◆ Task goal:
Without including any pictures, reproduce the full listing exactly.

◆ Dataset section:
◇ ◇ ◇ ◇ ◇ ◇ ◇
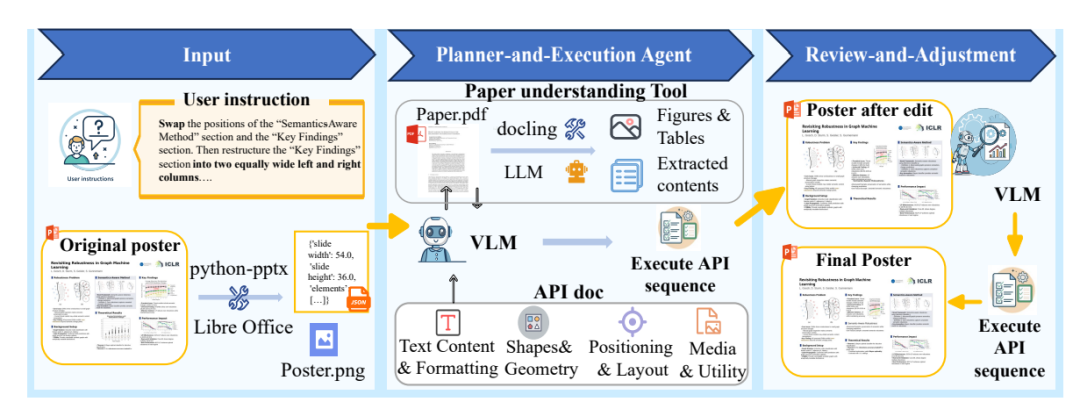 为了解决上述问题,APEX执行多层级的API序列来增量式编辑学术海报,并引入「审查-调整」机制调整初次编辑的结果,提高编辑的准确度。
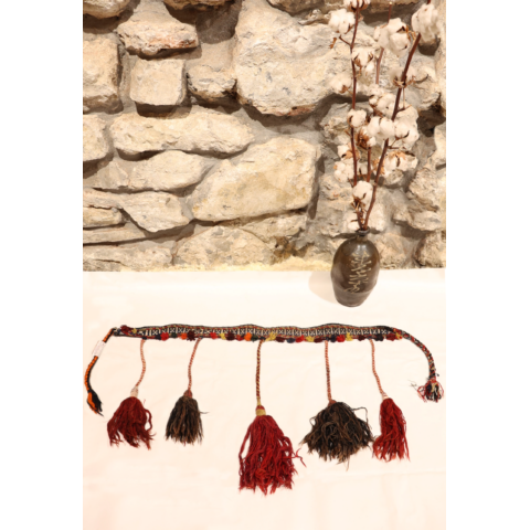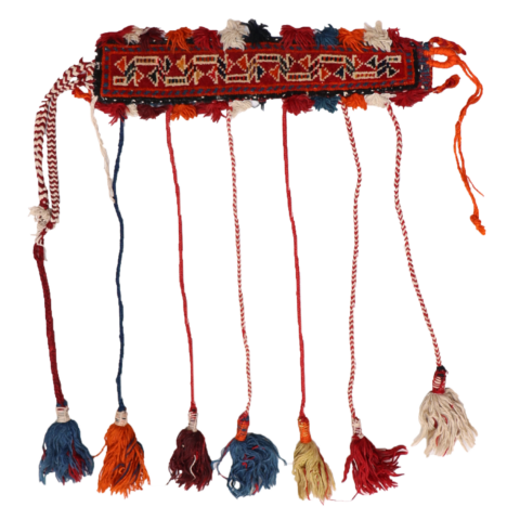 Banda semi antigua para caballo o camello Qashqai, Irán. 83×5 cms
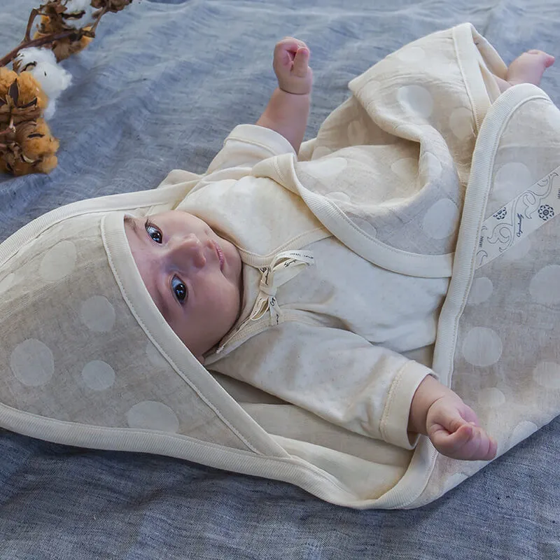 オーガニックコットンのおくるみは赤ちゃんを抱きやすくし、柔らかな素材なのでお腹にいた時の安らぎを感じることができます。
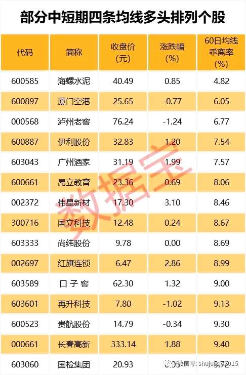 截至6月26日,61只個股5日、10日、20日、60日四條均線近日呈多頭排列。其中海螺水泥、廈門空港、瀘州老窖股價(jià)與60日均線的乖離率最小,分別為4.82%、6.05%、6.77%。
◇ ◇ ◇ ◇ ◇ ◇ ◇
◆ Result of this task:
 为了解决上述问题,APEX执行多层级的API序列来增量式编辑学术海报,并引入「审查-调整」机制调整初次编辑的结果,提高编辑的准确度。
 Banda semi antigua para caballo o camello Qashqai, Irán. 83×5 cms
 オーガニックコットンのおくるみは赤ちゃんを抱きやすくし、柔らかな素材なのでお腹にいた時の安らぎを感じることができます。
 截至6月26日,61只個股5日、10日、20日、60日四條均線近日呈多頭排列。其中海螺水泥、廈門空港、瀘州老窖股價(jià)與60日均線的乖離率最小,分別為4.82%、6.05%、6.77%。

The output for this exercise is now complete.